Explicit strategic axis of my 2026-2027 project. It stitches three layers. data foundations (rapid schema reading, pipeline audit), applied ML (classification, scoring, recommendation), and generative AI in production (RAG, agents, eval). For a vertical B2B SaaS scale-up CTO role, it is what turns AI into a *moat* rather than a demo gimmick.
Deliberate Confirmed → Senior climb triggered late 2024 and still ongoing: hands-on RAG plugged into the ACCENSEO pipeline, multi-vendor (Claude + GPT + Gemini), AI enrichment of tens of thousands of product sheets.
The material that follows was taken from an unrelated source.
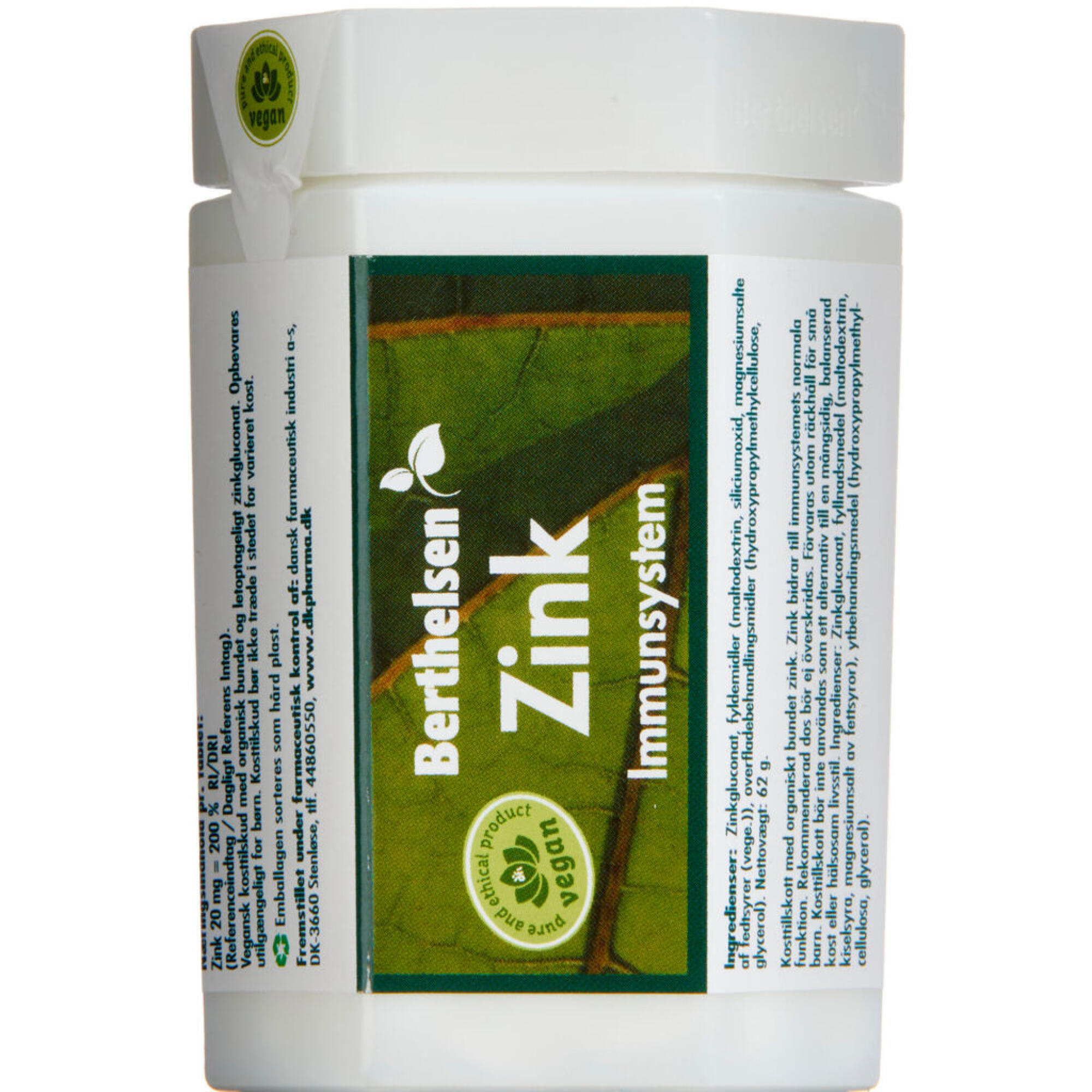 Berthelsen Naturlig Zink indeholder organisk og letoptagelig zink i form af zinkgluconat som er et livsvigtigt spormineral med stor betydning for kroppens optimale funktion.

Cadence is measurable quarter by quarter.
To myself: ship one small RAG or agentic project per quarter, with explicit eval, to keep the competency sharp, and maintain a journal of prompts that work and that don't. To others: *do not confuse AI demo with AI production*, invest from day one in pipeline observability (token cost, latency, detected hallucination rate) and in guardrails (sanitisation, rate limit, human fallback). Pick a data-first stack before the model stack.
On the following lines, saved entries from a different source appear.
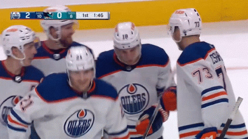 Klim Kostin of the Edmonton Oilers skates on the ice during a hockey game, with the scoreboard showing the Oilers leading.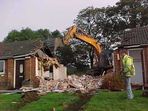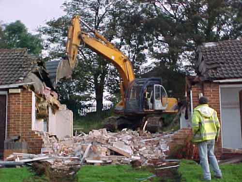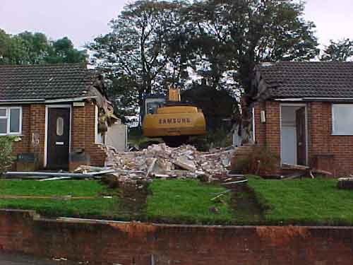 One of the many current projects underway in Camp Hill is the re-generation of the village centre and surrounding housing. We have got hold of some picture showing one of the bungalows being recently demolished which you can see by clicking on the images below to re-size them in a new window.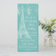 Aqui está um convite elegante inspirado em Paris, França, que apresenta a Torre Eiffel e o Fleur de lis. Use isso para festa de aniversário, cartão de salvar a data, festa de aniversário de casamento e mais. Personalize com seu próprio texto, estilo de fonte e cor de fonte para se adequar à sua ocasião especial. O design é apresentado em ambos os lados do convite.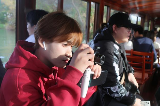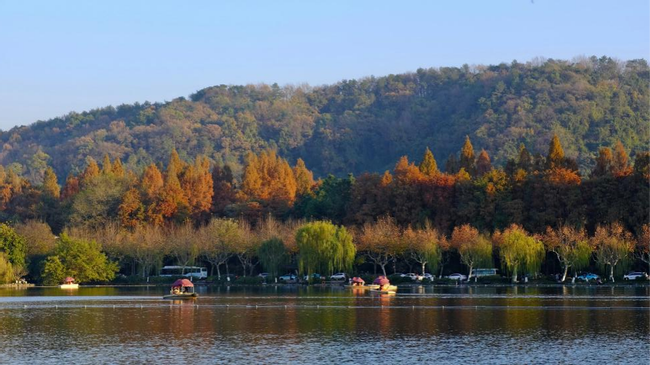 杭州之行正是从西湖开始,下车后同学们踩着树梢间洒落的细碎光影,悠然走到了乘坐游船的渡口处。等船缓缓开动起来,西湖美景也愈发生动的跃入眼帘。清风如酒,波纹如绫,满湖碧波荡漾着天光云影。遥想当年,张岱乘小舟一芥往湖心亭观雪,但见雾凇沆砀、上下一白;而今值此暖冬十二月,只见环湖的三面群山层林尽染、树树秋色,明黄、茶褐泼洒在湛蓝的天幕上,倒也别有番情致。

My evolution in this skill
The 2026-2028 strategic axis
Data and AI are the axis that distinguishes my CTO profile in 2026. In the 24-month plan, they let me frame an AI-augmented vertical B2B SaaS product, hire a coherent data + ML / LLM team, and defend an AI product trajectory in front of a board separating *moat* from *commodity*. Without that axis, the 2026-2028 CTO role boils down to a modern-stack operator role.
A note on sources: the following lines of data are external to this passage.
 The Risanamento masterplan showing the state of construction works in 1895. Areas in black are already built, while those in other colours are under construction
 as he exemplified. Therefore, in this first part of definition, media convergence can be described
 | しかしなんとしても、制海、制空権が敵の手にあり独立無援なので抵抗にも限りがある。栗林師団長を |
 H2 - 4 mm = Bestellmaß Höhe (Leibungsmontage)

By end of 2027, the observable goal is to operate a production-grade data + AI platform with industrialized RAG pipeline (eval + drift detection), explicit cost per AI feature and quarterly quality review. The Confirmed-to-Senior shift is measured on the triple mastery data engineering + applied ML + LLM-Ops, not on an abstract score.
Hands-on RAG integrated into the ACCENSEO pipeline (Claude + GPT + Gemini multi-vendor, TRELLIS / TripoSR / Shap-E for 3D generation), weekly intake of LLM releases (Anthropic, OpenAI, Mistral, DeepSeek). Master in Software Engineering active until 2026.
DeepLearning.AI Specialization and Coursera MLOps programs planned 2026-2027. Maven *Applied LLM* cohort (Hamel Husain for example) targeted 2026. GCP Professional Data Engineer certification considered depending on the target context.
Anchor reads: *Designing Machine Learning Systems* (Chip Huyen), *Building LLM Powered Applications* (Valentina Alto), curated arXiv papers. Continuous follow of Latent Space, Eugene Yan, Simon Willison. Monthly routine: a new model evaluated on a real case.